Thanks for the info! Sounds very interesting, I will try it soon… but currently I’m not maintaining the arm test build, because of the low response…

1 Like

I would love to try your ARM test build, if you have a compiled version?

FWIW i think the low response might be cause there is no straight forward methode yet for trying the build, and it involves some steps going through hoops to set it up, is that correct?

1 Like

I believe it.on current MacBooks they say that powering it through the left side heat up worse than the right side! Don’t know if it’s true, but I use the right side at work (I don’t have a Mac at home).

You’re right, there are some drawbacks compared to a translated Rosetta version of Rack; first of all you have to recompile all plugins and bundle it with the binary and the other big problem is, that on macOS app’s have to be singed in order to run, else you get a message that the application is corrupted and you have to reset some gatekeeper flag by hacking commands on the terminal, which is a nogo for the most user. Anybody know how to sign an app? Didn’t figure it out and the Apple support pages are not clear to me… :wink:

1 Like

Yeah, it’s a pretty huge pain, I just went through that process with some of my plugins. The main blocker is that you need an “Apple Developer Account” which costs money. I’d be happy to donate my developer account credentials to this cause, but that’s probably something we should discuss in a private message.

From there, I was able to make signed builds by changing some settings in my CMake configuration. If you’re using the standard Rack Makefile setup I think you would just have to run an extra command or two after building. I have some decent guesses as to what those commands would be.

Anyway, feel free to ping me if you’d like to chat about it more.

2 Likes

T hat sounds about right. also, aren’t apps signed with a developer account “different” that ones signed “for real”? I’m not sure about this, but maybe the mac security settings need to be different to all running dev signed? Or I could be totally wrong about this…

Have you spoken to Andrew Belt about these changes?

I didn’t know you could lower it in the json. Thanks.

this version is performing great on my machine. my eGPU fan is barely noticeable and the eGPU itself (which i bought due to heat issues) isnt even warm. with the official build the eGPU would get pretty hot and the fan would immediately kick on when opening the module browser. kind of miss the port lights but the macOS problems seem to have been vastly improved with this. thanks so much for the effort.

3 Likes

Nice work! I’m typing this message, and browsing the internet, while Rack is playing in the background. I wouldn’t have been able to do this without audio hiccups before.

3 Likes

Here is bugreport on GitHub about macOS fix.

2 Likes

Thanks Dmitry

For reference, here’s Andrew’s answer:

Rack v2 doesn’t use an engine thread at all. All engine processing is done on the audio thread which is realtime by default. It works better because no thread communication is needed between the audio drivers and graph processing of modules.
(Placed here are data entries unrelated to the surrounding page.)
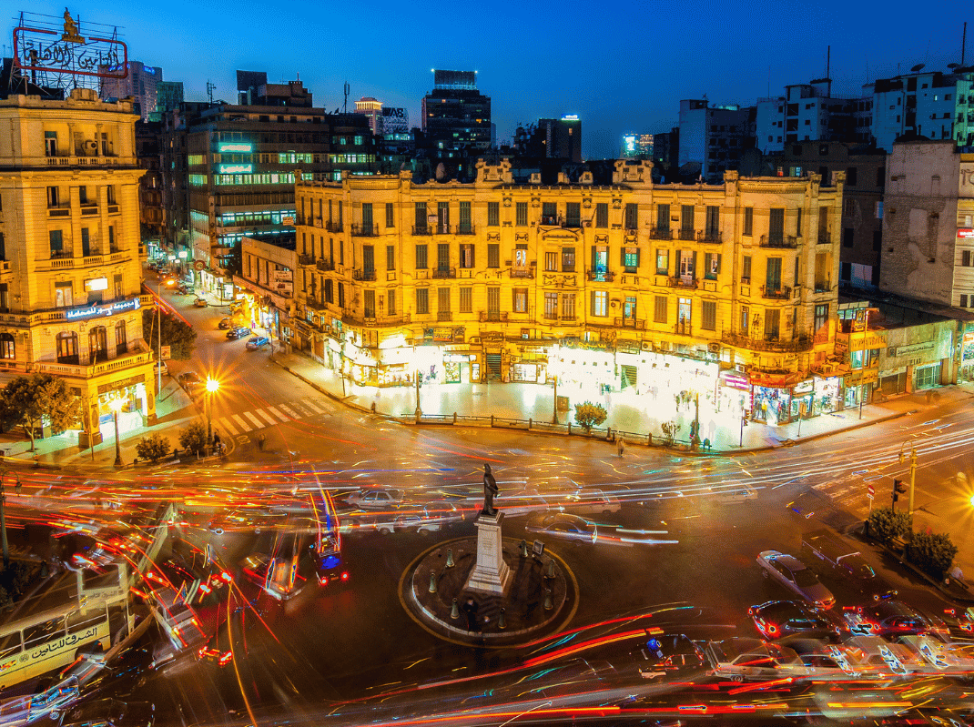 This is Talaat Harb Square (ميدان طلعت حرب) in Downtown Cairo, Egypt. It's one of the city’s most iconic public spaces, known for its distinctive roundabout centered around the statue of Talaat Harb Pasha, the founder of Banque Misr and a key figure in Egypt’s modern economic history. The square is surrounded by Haussmann-style buildings, many dating back to the early 20th century, reflecting Cairo’s once-declared ambition to be the “Paris on the Nile.” It’s a critical urban node, linking major arteries such as Talaat Harb Street, Qasr El-Nil, and Sherif Street, and has long been a focal point. Talaat Harb Square was one of the first pilot sites selected in Downtown Cairo’s broader urban regeneration effort—an initiative aimed at demonstrating how strategic intervention, even with modest resources, could meaningfully transform public space and restore architectural dignity. With its central location and iconic status, the square served as an ideal starting point for testing facade restoration strategies, signage control, and street-level activation.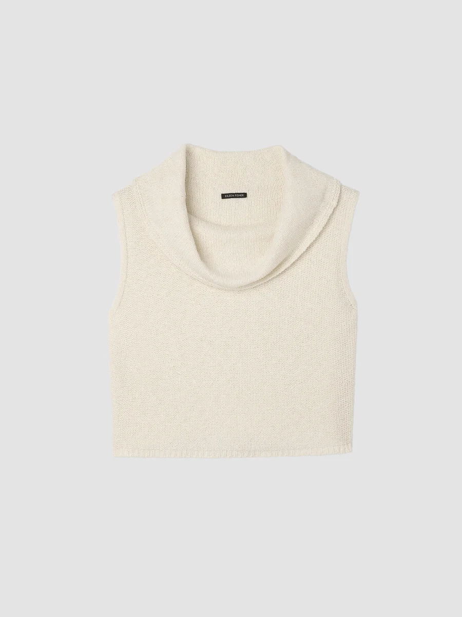 A piece that redefines cozy. An elevated vest you can wear multiple ways, in a fluffy blend of organic cotton and recycled nylon. Made in a Fair Trade Certified™ factory. Style No. S6VPD-V1360 DESIGN - A generous, boxy fit that drapes away from the body to create movement. - Only available at select EILEEN FISHER stores. - Astrid is 5'9" and wears a size S in Black, which measures 22 inches on the body. Size 1X measures 24 1/2 inches on the body. - Drape neck, cap sleeves. - Style No. S6VPD-V1360 FABRIC - Soft and fluffy, a cozy blend of organic cotton and recycled nylon spun to create a two-tone yarn. - Hand wash cold. Reshape and lay flat to dry. May snag on jewelry. - Made in Peru. 83% Organic Cotton/17% Recycled Nylon. SUSTAINABILITY - Our Fair Trade Certified™ factories meet rigorous social and environmental standards. By choosing Fair Trade Certified™ products, you’re helping to improve the lives of workers, build resilient communities and protect the environment. - Local cotton that's knit in Fair Trade Certified™ factories in Arequipa, Peru. - Organic farming supports clean water and healthy soil.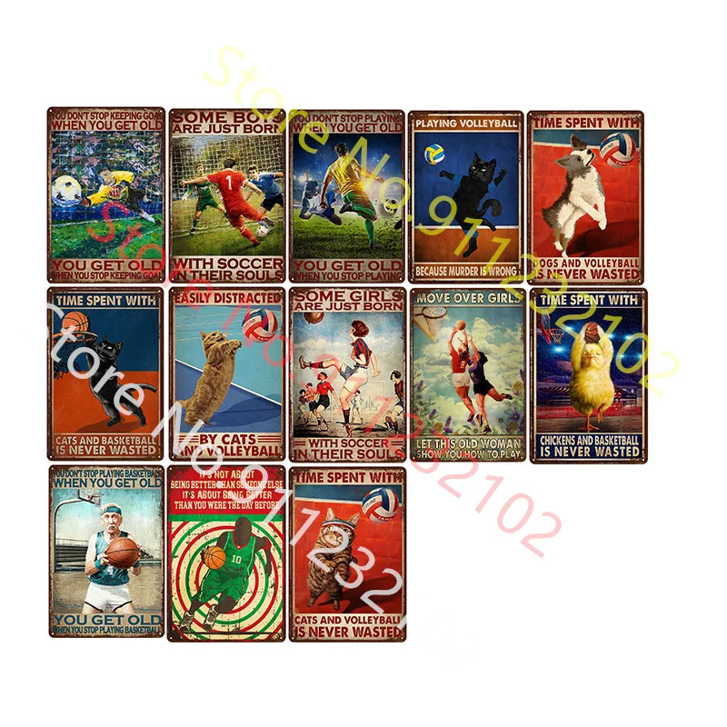 Играть в баскетбол футбол волейбол винтажные жестяные вывески железная живопись Настенный декор искусство настенная тарелка плакат настенная доска

I hope it can be interpreted as “in V2 there will be better engine performance and realtime is default”. I’m not knowledgable enough, but I wonder if this means that processing a patch will abandon the multithreaded approach (like Apache webserver) and instead operate on a tight loop in one thread (like Nginx webserver, node.js) at max. speed and priority. Someone with knowledge of the Rack engine help me out here…

I don’t have insights in Rack v2 but this is my interpretation:
In Rack v1 there is a engine thread which “drives” the whole thing, coordinating all dsp-threads for processing the dsp of the modules. There is also a thread in the audio module which handles the audio driver for the selected output and input device. Obviously the engine thread and the audio module thread must work tightly together because of the block size and buffering. This is also the reason why multiple audio modules do not work in Rack v1.
In Rack v2 one of the audio modules is selected as “master module” which takes the role of the engine thread driving the dsp-processing. The dsp should be done by multiple threads like in v1.